§ **How to complete this task**
Print every line below exactly as written, but leave the pictures behind.

§ **Source material**

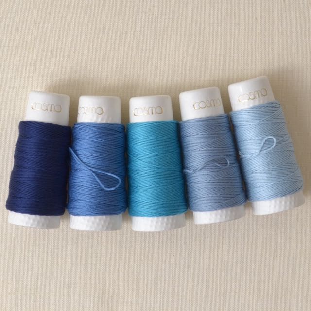 Hidamari sashiko thread. Made by Cosmo Lecien, you can trust the quality of this thread for sashiko stitching, visible mending, and boro. Also try it for embroidery and other hand stitching projects, and for big stitch quilting as well. It has the qualities we all want. It won't shrink, bleed or fade with washing, and it is easy to handle.
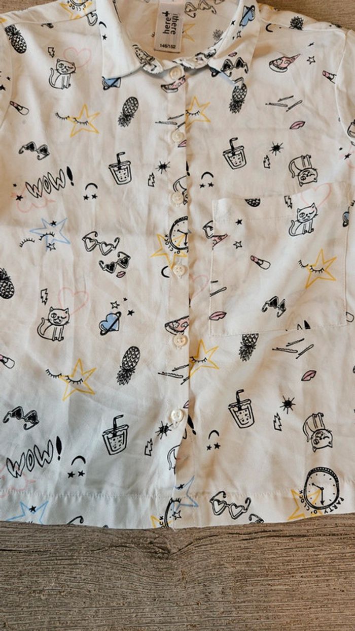 Chemise à manches courtes, blanc cassé avec dessins, Here+There,  11/12 ans - photo numéro 6
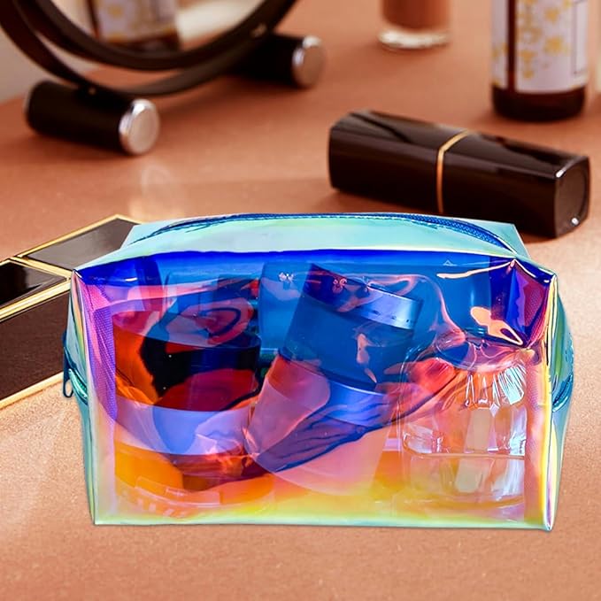- PERFECT GIFT:translucent, glossy, and holographic design makes the makeup bags shiny, sparkly and super cute.These are cute for toiletries. In different light you may see more yellow while pink/purple appear as well. This clear cosmetic bag is a perfect gift for your friends, family and loved ones.

§ **Result of the exercise**
 Hidamari sashiko thread. Made by Cosmo Lecien, you can trust the quality of this thread for sashiko stitching, visible mending, and boro. Also try it for embroidery and other hand stitching projects, and for big stitch quilting as well. It has the qualities we all want. It won't shrink, bleed or fade with washing, and it is easy to handle.
 Chemise à manches courtes, blanc cassé avec dessins, Here+There,  11/12 ans - photo numéro 6
- PERFECT GIFT:translucent, glossy, and holographic design makes the makeup bags shiny, sparkly and super cute.These are cute for toiletries. In different light you may see more yellow while pink/purple appear as well. This clear cosmetic bag is a perfect gift for your friends, family and loved ones.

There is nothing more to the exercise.